Фредерик Гарсиа Лорка

Солнце без всякой жалости плясало на желтой, уже сильно выжженной зноем траве, где угадывались старые рельсы. От них пахло прогретым железом и ржавчиной, а между ними грудами валялись белые камни. Трамвай здесь, судя по беспорядочному и буйному росту высокой травы, давно не ходил, зато неподалеку шумело море, резво набегая на бетонный мол и яростно плюясь пеной во все стороны.

Однако Антона больше интересовали открытые террасы одноэтажных и двухэтажных домов, видневшиеся от заржавевших рельсов, – увитые цветами, но точно заброшенные, хотя и это потом оказалось обманчивым впечатлением.

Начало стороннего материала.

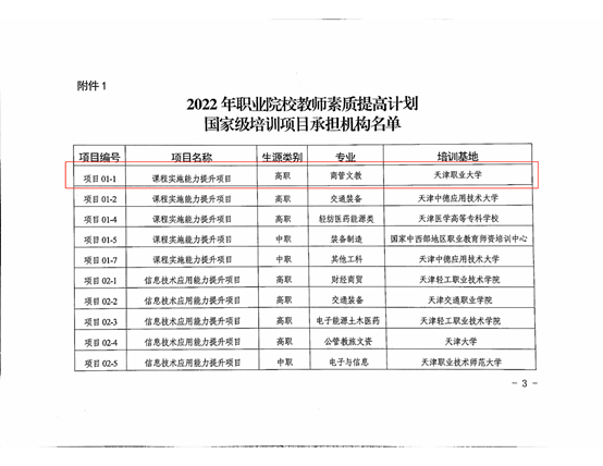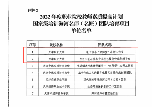 3月15日,市教委发布了《关于2022年度天津市职业院校教师素质提高计划国家级培训项目承担机构名单的公示》,beat365官网获批2022年职业院校教师素质提高计划国家级培训项目2项、海河名师(名匠)团队培育项目2项,分别是课程实施能力提升项目(商管文教)、公共基础课教学能力提升项目(公共基础课)、电子信息“双师型”名师工作室、烹调工艺与营养专业技艺技能传承创新平台。

Антон сам не знал, зачем шагал к этим домам, зачем заходил на эти террасы, отворял незапертые двери кухонь и спален, искал в них хозяев, бродил, как лунатик, по запущенным комнатам, где, тем не менее, теплилась жизнь, хотя и в диковинной форме. Хозяева домов, которые он обошел, все без исключения спали. Он находил их в разных позах: в кроватях и гамаках, в креслах-качалках и просто на матрасах, брошенных на пол, в шезлонгах в садах и на роскошных диванах. Они были укрыты пледами или простынями или же сбросили во сне одеяла, и те неряшливыми комьями путались у них в ногах. Рядом с некоторыми спящими на столиках, придвинутых к кроватям, пестрели фрукты, уже подернувшиеся гнильцой и начавшие сладко, мертвенно, водянисто пахнуть, зачастую также стояла бутылка вина или кальян. Никого из этих людей не застала страшная эпидемия, они не умерли под влиянием природного катаклизма и даже не впали в летаргию, не потеряли сознание, не были поражены злым заклятьем – они просто спали, глубоко, сладко и, видимо, видели очень живые сны, потому что глаза их под закрытыми веками двигались бешено. Эти люди… будто бы видели во сне самые темные, самые дремучие чащи собственной души и блуждали там, и не было никакой возможности эти чащи вырубить, потому что рубить бы пришлось по живому.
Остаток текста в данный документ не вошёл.